When to pick integrated linear-motor actuators
The direct-drive nature of linear-motor actuators boosts productivity and system dynamics for myriad industrial applications. Some linear-motor based actuators also include encoders for position feedback … to make linear motors easy to use, even compared to belt and ballscrew-based systems. Some of these actuators tightly integrate the linear motor, guide, and optical (or magnetic) encoder to further boost power density.

The encoder in some actuators installs horizontally so its position is unaffected by external impact. Some such arrangements can run to 6 m/sec with acceleration to 60 m/sec2 using a 230-Vac input. Modules with travel exceeding two meters are possible. Standard offerings usually include a magnetic encoder for position feedback, though optical encoders are available for higher precision. Other options include multi-slider setups as well as complete X-Y and gantry systems.

Compared to traditional ballscrew modules, linear-motor-based actuators offer better precision and velocity — even under many thrust output conditions — thanks to direct driving. Tighter integration also boosts productivity and reliability. Some such actuators include the linear motor itself, a base, and wide linear guide supporting an aluminum slider and optical scale for position feedback. Where the linear motor is ironless, it can pair with an aluminum slider to form a lightweight design that quickly accelerates.

Some compact linear-motor actuators also include sliders with built-in lubrication pads for environmentally friendly lubrication. Here, the runner-block ends sport hermetically sealed grease injectors to deliver raceway lubrication via steel ball circulation. In some cases, optional lubrication pads add lubrication for long-term operation with less maintenance, especially on axes that make short strokes.

Ironless linear motors inside some actuators also exhibit no cogging, so the axis can make stable moves when moving slowly or quickly. With some designs, repeatability with an optical linear encoder is 2 mm. Some actuators are even available in strokes from 152 to 1,490 mm with straightness from 6 to 30 mm.

Special example: Cleanroom applications
One last option particularly suitable for applications with short strokes and high cycle rates are linear-motor actuators in which the moving parts are the magnets and rail. Here, there aren’t issues with moving cables causing disconnections. Nor are there problems with dusty environments. In fact, the actuators work well in vacuum environments and cleanrooms. That’s because the coils are fixed, so heat easily dissipates to mounting structures. Some such linear-motor actuators output continuous force to 94.2 or 188.3 N and peak force to 242.1 or 484.2 N — accepting continuous current of 3.5, 7, or 14 A depending on the version. Strokes reach 430 mm.
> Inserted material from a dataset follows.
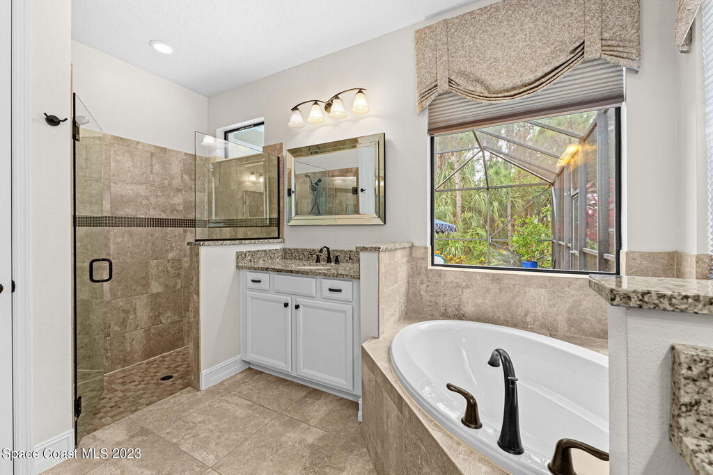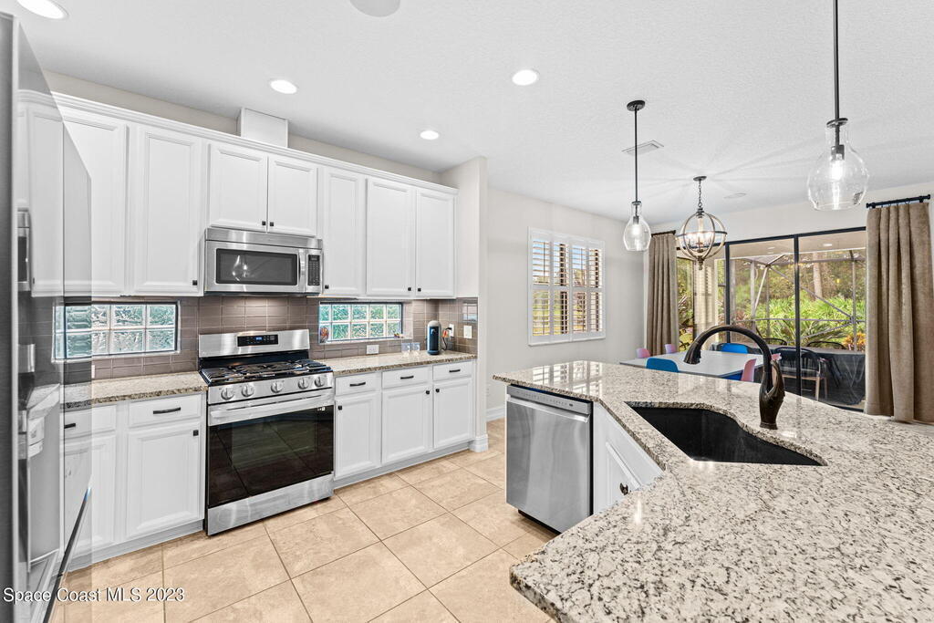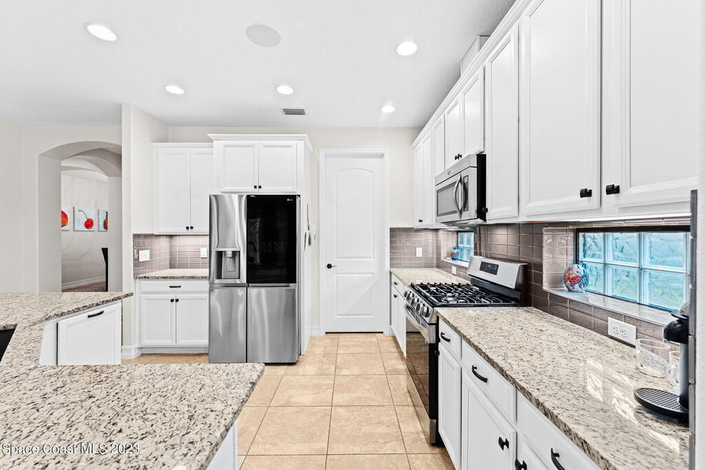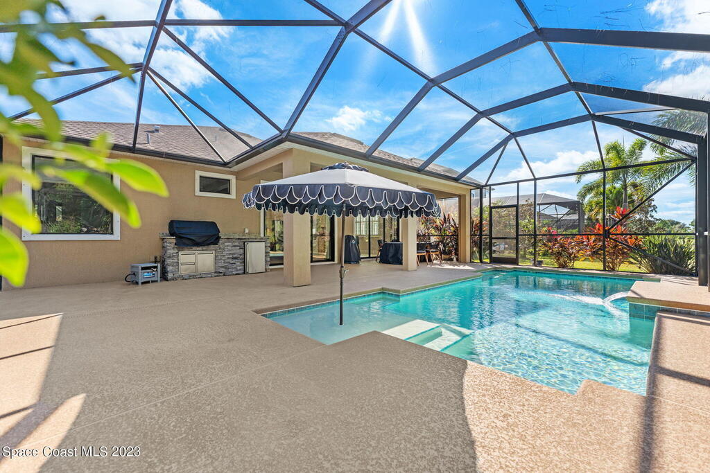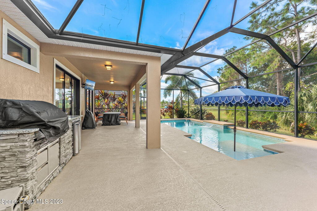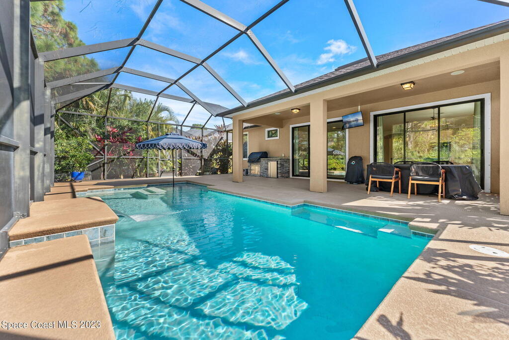 On a leafy preserve w/lakeside glimpses, this people-pleaser showcases a saltwater pool, a summer kitchen & modern features! Fresh interior paint, plantation shutters & broad baseboards complement tile floors stretching through generous living & dining spaces. 2 sets of triple sliders off the family rm open to the pool. Granite counters & glass tile backsplashes sweep across the b-fast bar kitchen, accenting SS appliances, a gas range & white crown-molded cabinetry w/under-mount lighting. Double doors lead to a relaxing primary retreat boasting a big walk-in closet, dual granite sinks, a sumptuous soaking tub & a handsome tiled shower ribboned w/mosaics. Enjoy the magic of an airy screened lanai & a waterfall pool overlooking lush conservation & partial views of the lovely lake!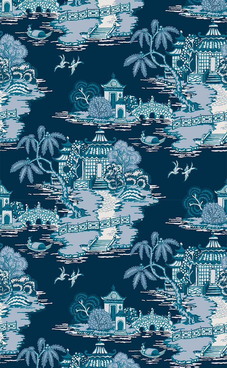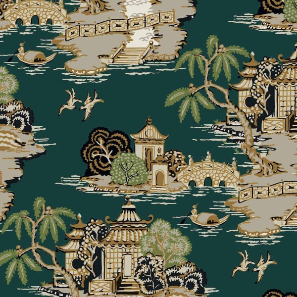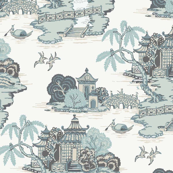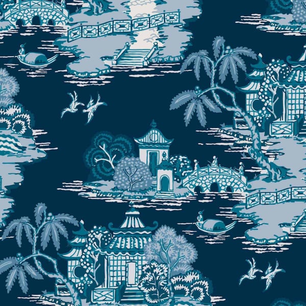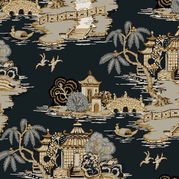 Le Pagoda and Sampan est un papier peint qui dévoile un motif toile de Jouy asiatique dans une composition foisonnante et évocatrice. Pavillons anciens, passerelles finement sculptées, arbres luxuriants et scènes de navigation évoquent un paysage calme et serein. Le dessin, réalisé par impression, révèle des lignes souples, des textures subtiles et une finesse qui rappelle le geste de l’artisan. York Wallcoverings perpétue ici un savoir-faire délicat, où chaque scène s’inscrit dans une esthétique intemporelle.

Parameters to specify linear-motor stages
When specifying actuators or stages based on linear motors, consider the following criteria for each portion of the design’s motion profile:

• What is the known motion condition?
• What is the load’s mass, system mass, effective stroke, moving time, and dwell time?
• What’s the drive condition, maximum output voltage, continuous and peak current?
• What kind of encoder resolution does the setup need? Should it be analog or digital?
• Into what kind of working environment will the actuator or stage work? What will be the room temperature? Will the machine be subject to vacuum or clean room conditions?
• What are the application’s requirements for motion precision and positioning accuracy?
• Will the linear-motor actuator or stage move loads horizontally, vertically, or at an angle? Will the setup mount to a wall? Is it subject to space constraints?

Answering these questions will help design engineers identify the most appropriate linear-motor iteration for a given piece of machinery.